- [Dataset entries]:
++++++

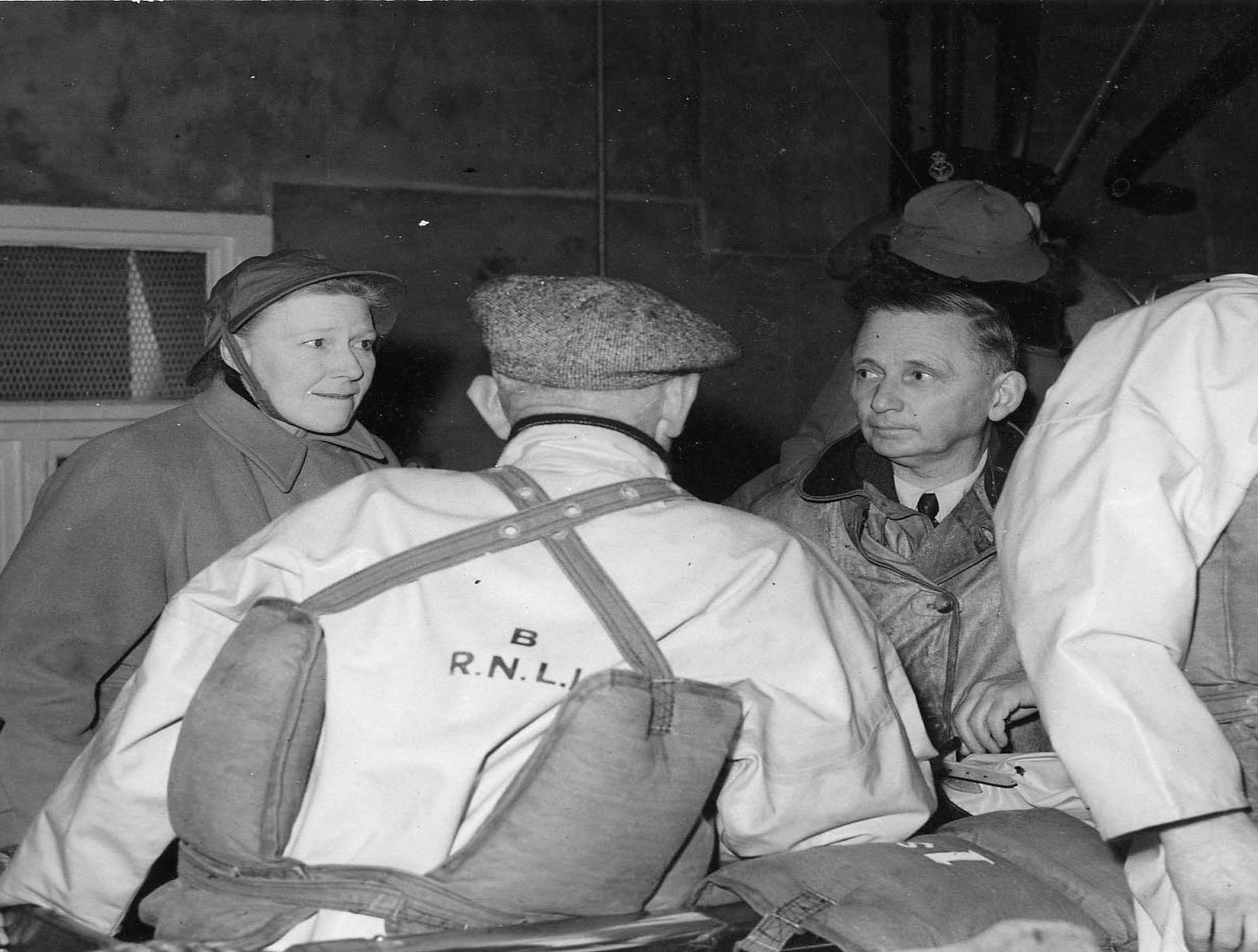 Crew of Penlee lifeboat talking to visitors in the boathouse
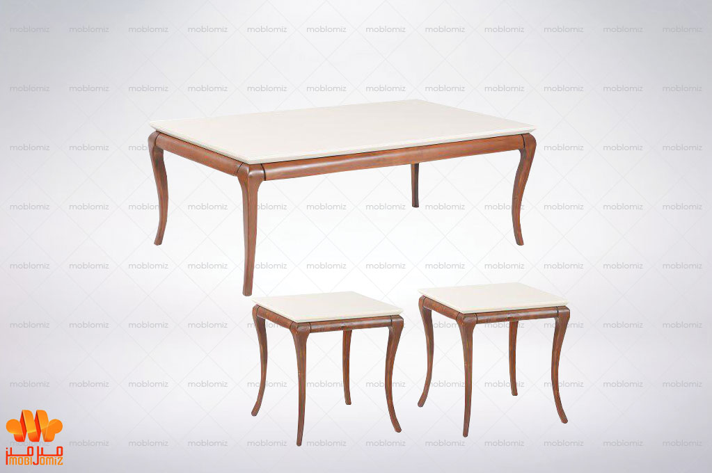 میز جلو مبلی و عسلی کد 410 از جنس چوب راش و دارای دو عدد عسلی میباشد
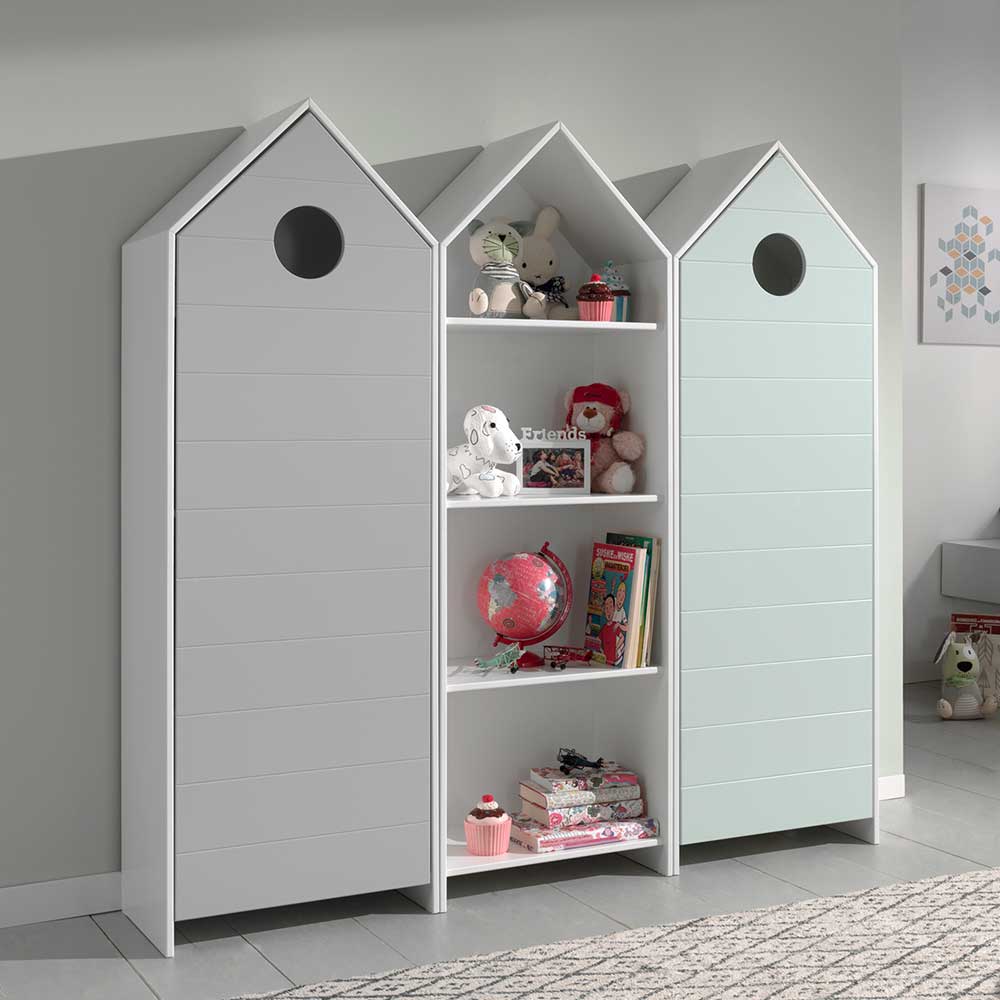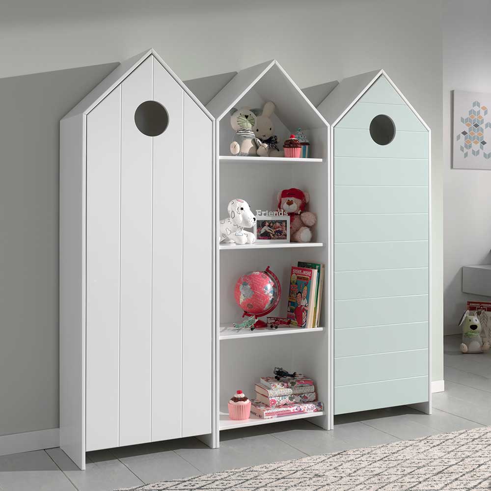 Kinderzimmer Schränke in Weiß und Mingrün weißem Regal (dreiteilig) - Mit drei...
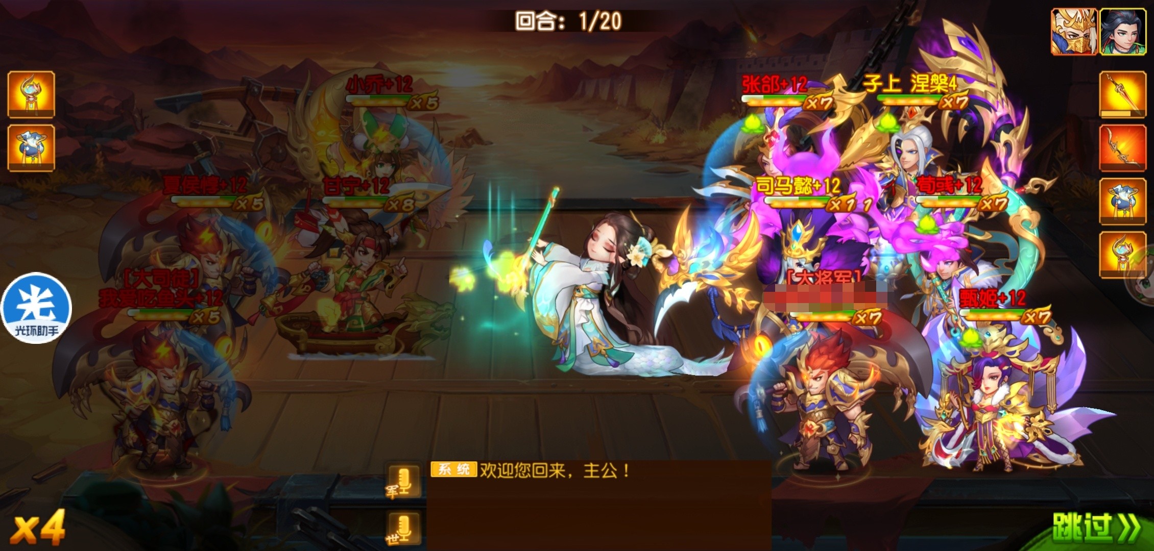 这个阵容也有一些极限输出,多辅助武将的味道。因为资源不够,只能上阵辅助武将加强属性加成。
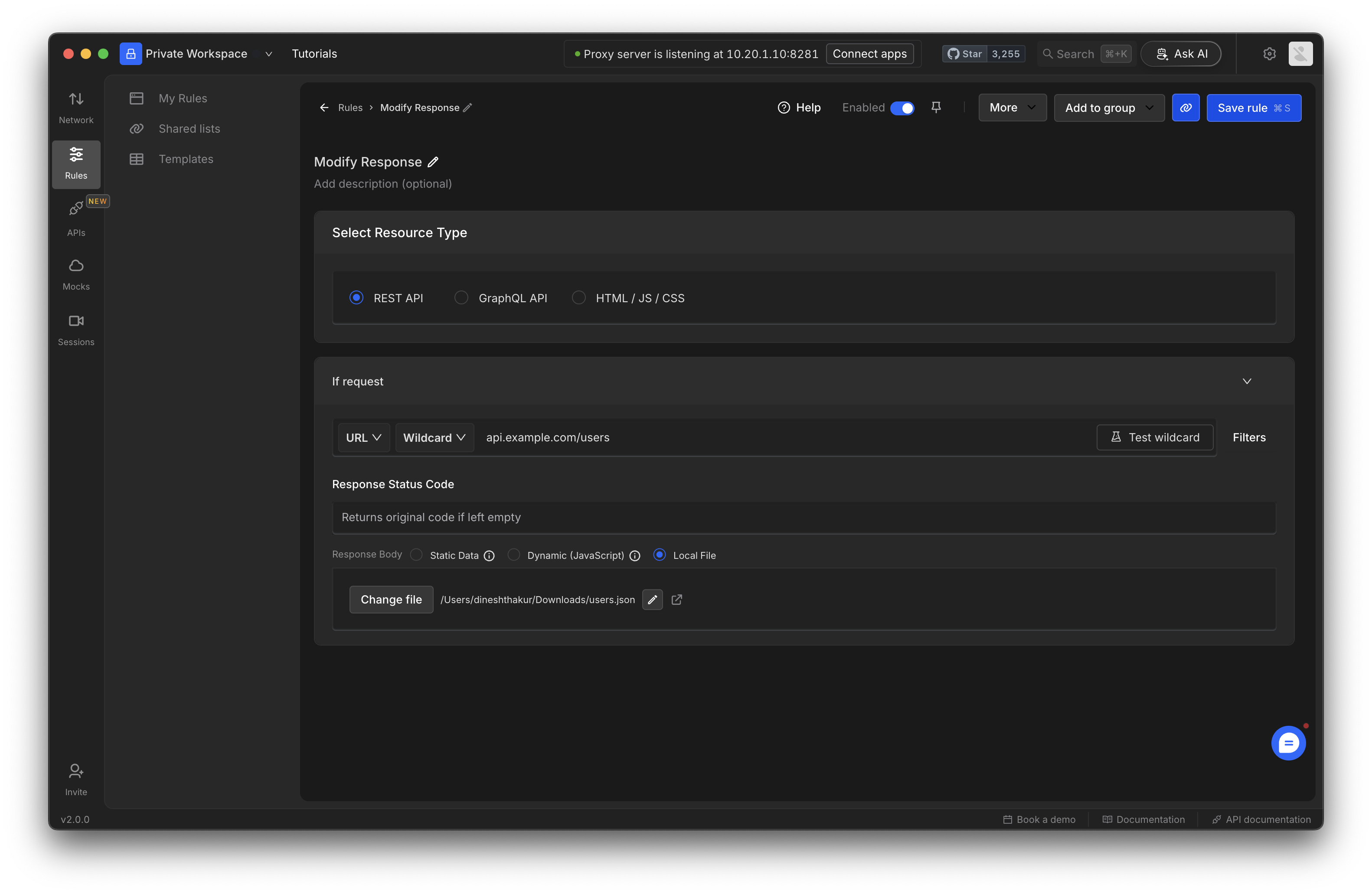 Modify API Response Rules are useful in several scenarios:- Frontend Development: Work seamlessly even if the backend is unavailable or incomplete.
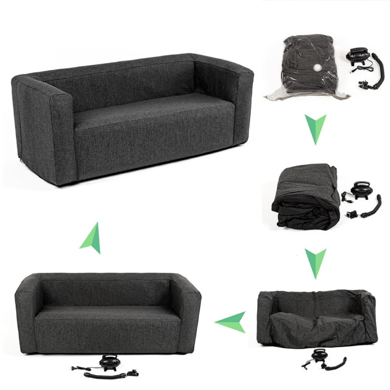 Зберігання: Після використання надувні меблі потрібно здути для зручності зберігання. Зберігайте меблі в сухому, добре провітрюваному приміщенні. Для додаткового захисту від пилу та пошкоджень помістіть меблі в компресійний пакет.
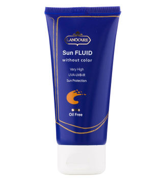فلوئید ضد آفتاب بی رنگ لانوکر با SPF50 مناسب انواع پوست حجم 50 میلی لیتر

++++++

- [Task objective]:
Please copy the data above word for word, but only from the line that contains "Зберігання: Після використання" through the final line, both included, and without the pictures.

- [Reply to the exercise]:
 Зберігання: Після використання надувні меблі потрібно здути для зручності зберігання. Зберігайте меблі в сухому, добре провітрюваному приміщенні. Для додаткового захисту від пилу та пошкоджень помістіть меблі в компресійний пакет.
فلوئید ضد آفتاب بی رنگ لانوکر با SPF50 مناسب انواع پوست حجم 50 میلی لیتر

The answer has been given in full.